_DIRECTIONS FOR THIS TASK_
The listing below should be written out word for word, with its pictures removed.

*** Block opens ***

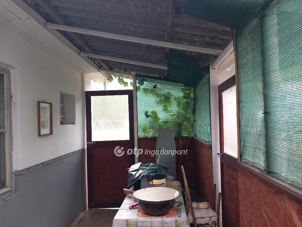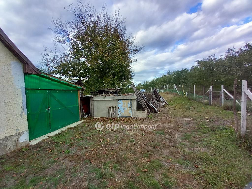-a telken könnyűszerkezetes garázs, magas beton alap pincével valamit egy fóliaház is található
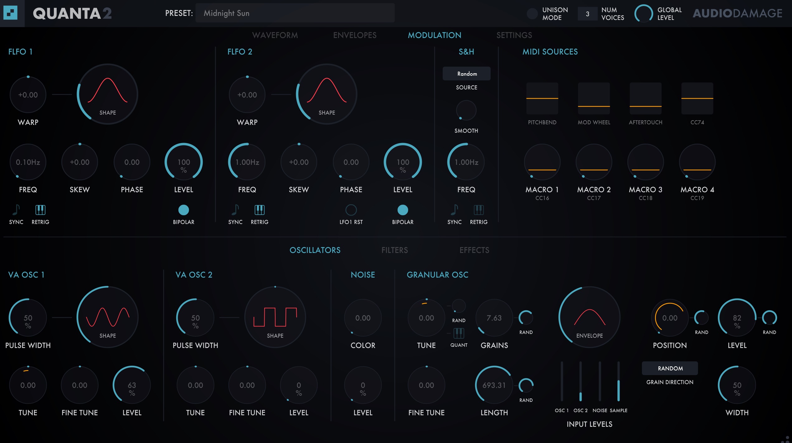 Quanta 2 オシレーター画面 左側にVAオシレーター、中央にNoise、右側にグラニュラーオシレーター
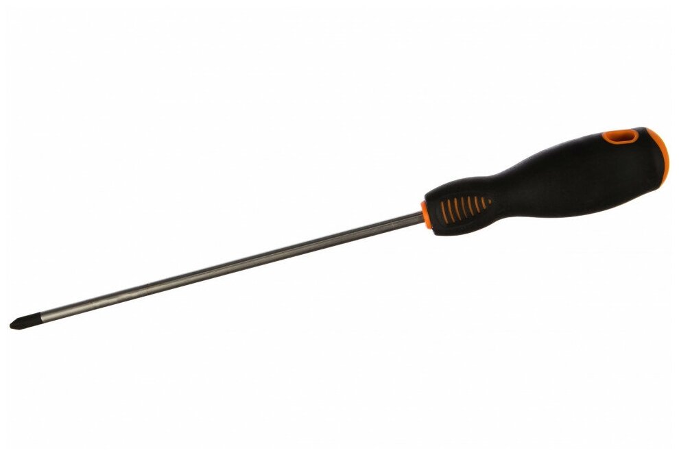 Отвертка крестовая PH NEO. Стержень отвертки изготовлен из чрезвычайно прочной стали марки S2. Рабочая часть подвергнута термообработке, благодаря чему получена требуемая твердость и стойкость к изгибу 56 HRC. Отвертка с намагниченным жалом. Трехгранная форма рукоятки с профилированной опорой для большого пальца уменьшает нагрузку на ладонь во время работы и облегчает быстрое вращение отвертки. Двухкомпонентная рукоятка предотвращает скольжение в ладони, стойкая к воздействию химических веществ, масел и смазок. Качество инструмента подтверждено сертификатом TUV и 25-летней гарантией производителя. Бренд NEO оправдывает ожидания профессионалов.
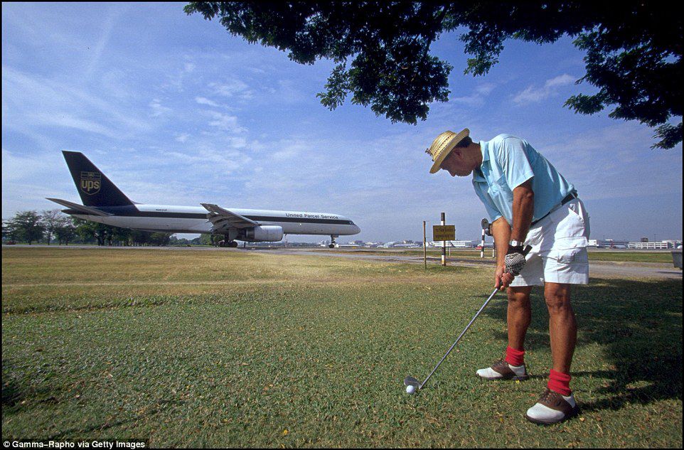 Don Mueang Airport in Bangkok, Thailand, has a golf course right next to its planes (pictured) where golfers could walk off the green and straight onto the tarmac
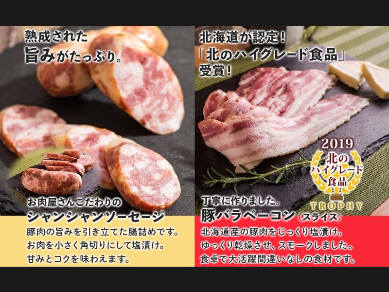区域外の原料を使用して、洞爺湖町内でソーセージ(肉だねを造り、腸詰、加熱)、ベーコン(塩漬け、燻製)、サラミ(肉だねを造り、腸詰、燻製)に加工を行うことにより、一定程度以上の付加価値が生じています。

*** Block closes ***

_FINISHED TASK_
-a telken könnyűszerkezetes garázs, magas beton alap pincével valamit egy fóliaház is található
 Quanta 2 オシレーター画面 左側にVAオシレーター、中央にNoise、右側にグラニュラーオシレーター
 Отвертка крестовая PH NEO. Стержень отвертки изготовлен из чрезвычайно прочной стали марки S2. Рабочая часть подвергнута термообработке, благодаря чему получена требуемая твердость и стойкость к изгибу 56 HRC. Отвертка с намагниченным жалом. Трехгранная форма рукоятки с профилированной опорой для большого пальца уменьшает нагрузку на ладонь во время работы и облегчает быстрое вращение отвертки. Двухкомпонентная рукоятка предотвращает скольжение в ладони, стойкая к воздействию химических веществ, масел и смазок. Качество инструмента подтверждено сертификатом TUV и 25-летней гарантией производителя. Бренд NEO оправдывает ожидания профессионалов.
 Don Mueang Airport in Bangkok, Thailand, has a golf course right next to its planes (pictured) where golfers could walk off the green and straight onto the tarmac
区域外の原料を使用して、洞爺湖町内でソーセージ(肉だねを造り、腸詰、加熱)、ベーコン(塩漬け、燻製)、サラミ(肉だねを造り、腸詰、燻製)に加工を行うことにより、一定程度以上の付加価値が生じています。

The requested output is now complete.